§ WORK TASK
What you write should be an exact repeat of the lines from the one with "Eucerin Aquaporin Active" through the final line below, minus the pictures.

*** INPUT DATA ***

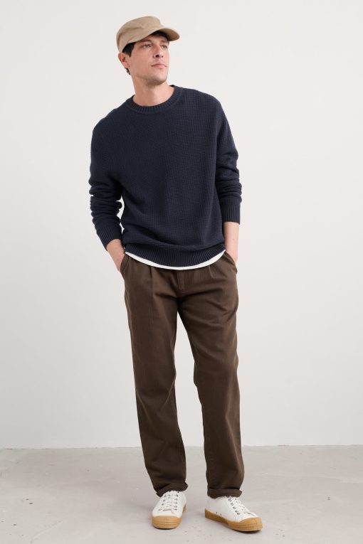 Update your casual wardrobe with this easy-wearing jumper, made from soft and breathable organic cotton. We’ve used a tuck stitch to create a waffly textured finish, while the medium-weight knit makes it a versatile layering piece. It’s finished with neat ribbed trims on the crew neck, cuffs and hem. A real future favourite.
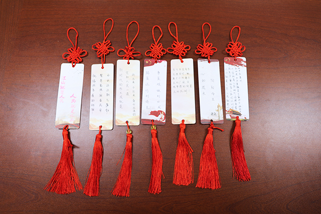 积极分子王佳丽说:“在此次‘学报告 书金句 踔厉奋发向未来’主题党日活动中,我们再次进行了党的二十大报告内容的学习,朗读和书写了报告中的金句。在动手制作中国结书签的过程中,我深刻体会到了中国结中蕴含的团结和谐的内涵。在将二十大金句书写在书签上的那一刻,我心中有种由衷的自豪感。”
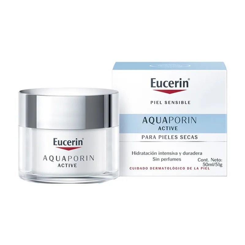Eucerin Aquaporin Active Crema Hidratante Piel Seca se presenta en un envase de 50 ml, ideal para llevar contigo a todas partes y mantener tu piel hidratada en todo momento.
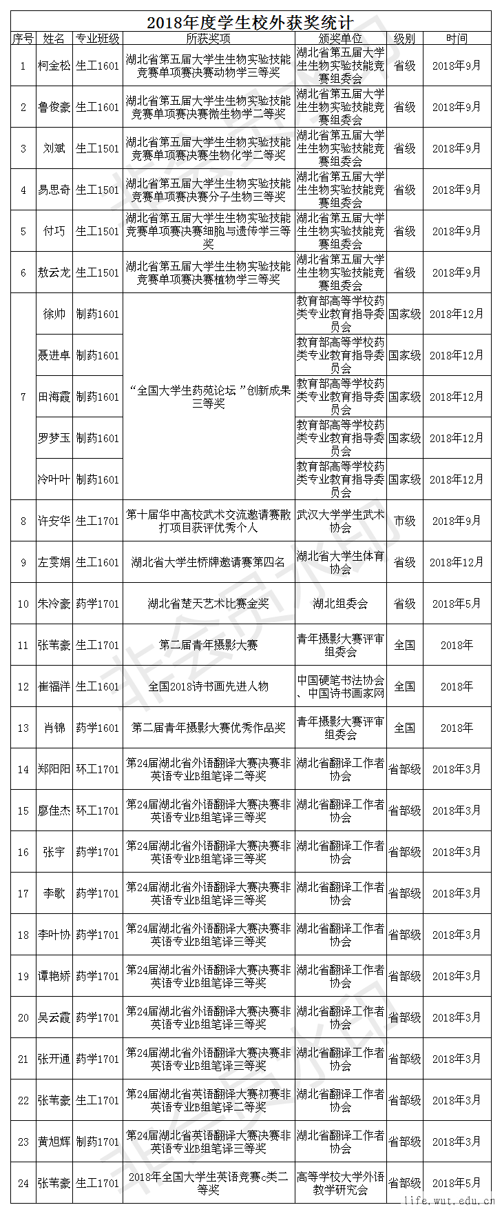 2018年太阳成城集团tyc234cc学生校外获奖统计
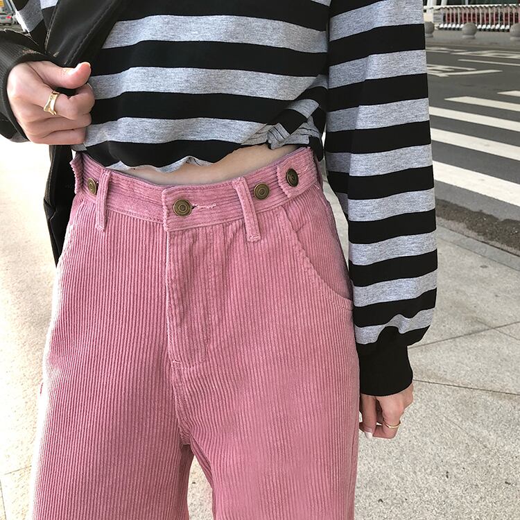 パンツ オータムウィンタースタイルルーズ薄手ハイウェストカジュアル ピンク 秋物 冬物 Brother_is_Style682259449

*** End of INPUT DATA ***

§ PROBLEM SOLUTION
Eucerin Aquaporin Active Crema Hidratante Piel Seca se presenta en un envase de 50 ml, ideal para llevar contigo a todas partes y mantener tu piel hidratada en todo momento.
 2018年太阳成城集团tyc234cc学生校外获奖统计
 パンツ オータムウィンタースタイルルーズ薄手ハイウェストカジュアル ピンク 秋物 冬物 Brother_is_Style682259449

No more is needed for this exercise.